In postgres, great_expectations will create a table called ge_validations_store in the public schema.
You will see the JSON below, which shows the results of the expectation that was run at checkpoint. You will see detailed report of the failure, cause by customer_id_10 under the partial_unexpected_counts value.
{
"statistics":
{
"evaluated_expectations": 1,
"successful_expectations": 0,
"unsuccessful_expectations": 1,
"success_percent": 0.0
},
"meta":
{
"great_expectations.__version__": "0.11.8",
"expectation_suite_name": "app.order.error",
"run_id":
{
"run_time": "2020-07-28T00:41:46.026887+00:00",
"run_name": "20200728T004146.026887Z"
},
"batch_kwargs":
{
"table": "order",
"schema": "app",
"data_asset_name": "app.order",
"datasource": "data_quality"
},
"batch_markers":
{
"ge_load_time": "20200728T004145.998210Z"
},
"batch_parameters": null,
"validation_time": "20200728T004146.027301Z"
},
"results":
[
{
"result":
{
"element_count": 4,
"missing_count": 0,
"missing_percent": 0.0,
"unexpected_count": 1,
"unexpected_percent": 25.0,
"unexpected_percent_nonmissing": 25.0,
"partial_unexpected_list": ["customer_10"],
"partial_unexpected_index_list": null,
"partial_unexpected_counts": [{"value": "customer_10", "count": 1}]
},
"exception_info":
{
"raised_exception": false,
"exception_message": null,
"exception_traceback": null
},
"meta": {},
"success": false,
"expectation_config":
{
"expectation_type": "expect_column_values_to_be_in_set",
"meta": {},
"kwargs":
{
"column": "customer_order_id",
"value_set": ["customer_2", "customer_1"],
"result_format": {"result_format": "SUMMARY"}}
}
}
],
"evaluation_parameters": {},
"success": false
}scheduling
Now that we have seen how to run tests on our data, we can run our checkpoints from bash or a python script(generated using great_expectations checkpoint script first_checkpoint).

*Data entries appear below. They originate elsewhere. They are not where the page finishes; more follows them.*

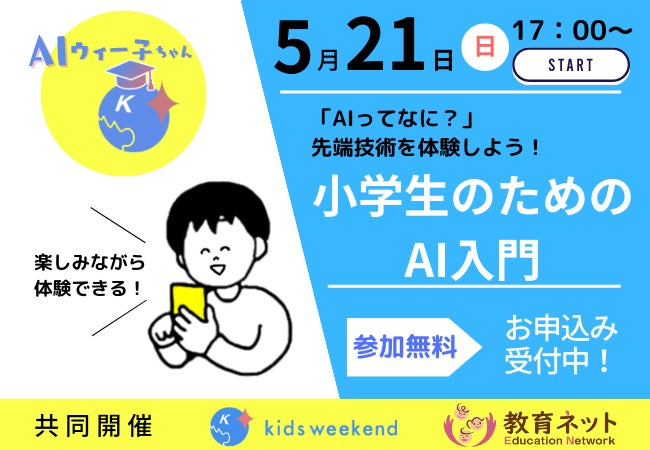 【オンライン授業共同開催】本格普及直前!子どものための楽しく安全なAI入門授業を、キッズウィークエンドと教育ネットとの協業にて開催決定
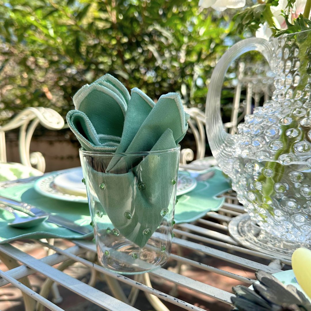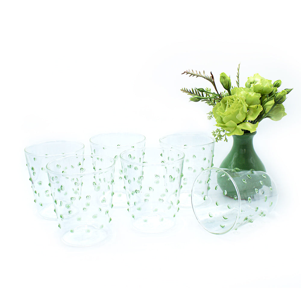 Set 6 vasos de vidrio con puntitos verdes hecho de forma artesanal.
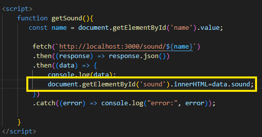 fetch의 then 구절의 data 는 {'sound':'멍멍'} 이고,
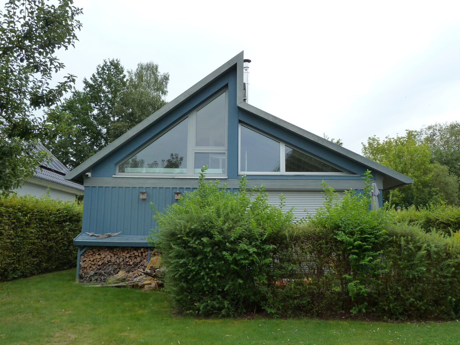 Auf Grund des hohen Grundwasserstands ist eine Luft-Wasser-Wärmepumpe im von außen zugänglichen Technikraum untergebracht mit Ansaugöffnung in der Giebelwand und Abluft über Dach.
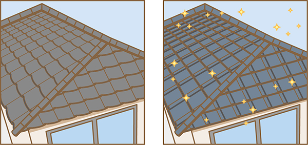 さらに、劣化状況に応じて「補修」「葺き替え(屋根材の全交換)」
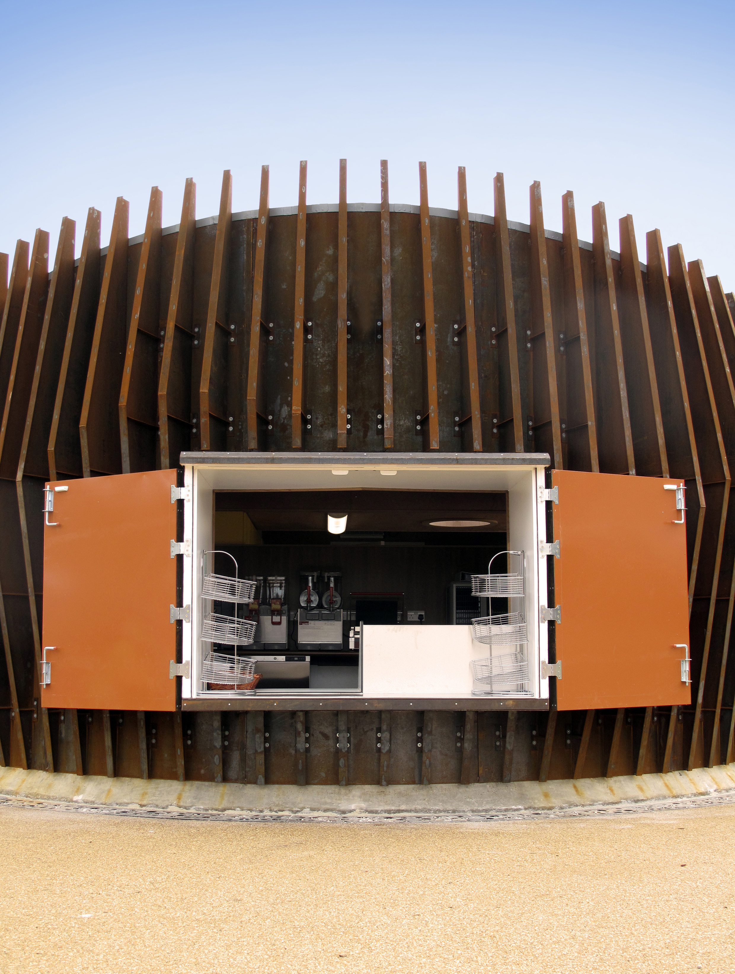 Weathering steel is used to express the materiality of the pavilion: durable and vandal proof, its rust-like appearance of autumnal tones fits well with the park setting and honours the steel tradition of Scunthorpe. The fins were guillotine cut and spot welded before being assembled on site.

This lends itself to easy integration with scheduling tools like airflow, cron, prefect, etc.
Production deploy
When deploying in production, you can store any sensitive information(credentials, validation results, etc) which are part of the uncommitted folder in cloud storage systems or databases or data stores depending on your infratructure setup. Great Expectations has a lot of options for storage as shown here
When not to use a data quality framework
This tool is great and provides a lot of advanced data quality validation functions, but it adds another layer of complexity to your infrastructure that you will have to maintain and trouble shoot in case of errors. It would be wise to use it only when needed.
In general
- Do not use a data quality framework, if simple SQL based tests at post load time works for your use case.
- Do not use a data quality framework, if you only have a few (usually < 5) simple data pipelines.
Conclusion
Hope this article gives you an idea of how to use the great_expectations data quality framework, when to use it and when not to use it. Let me know if you have any questions or comments in the comment section below.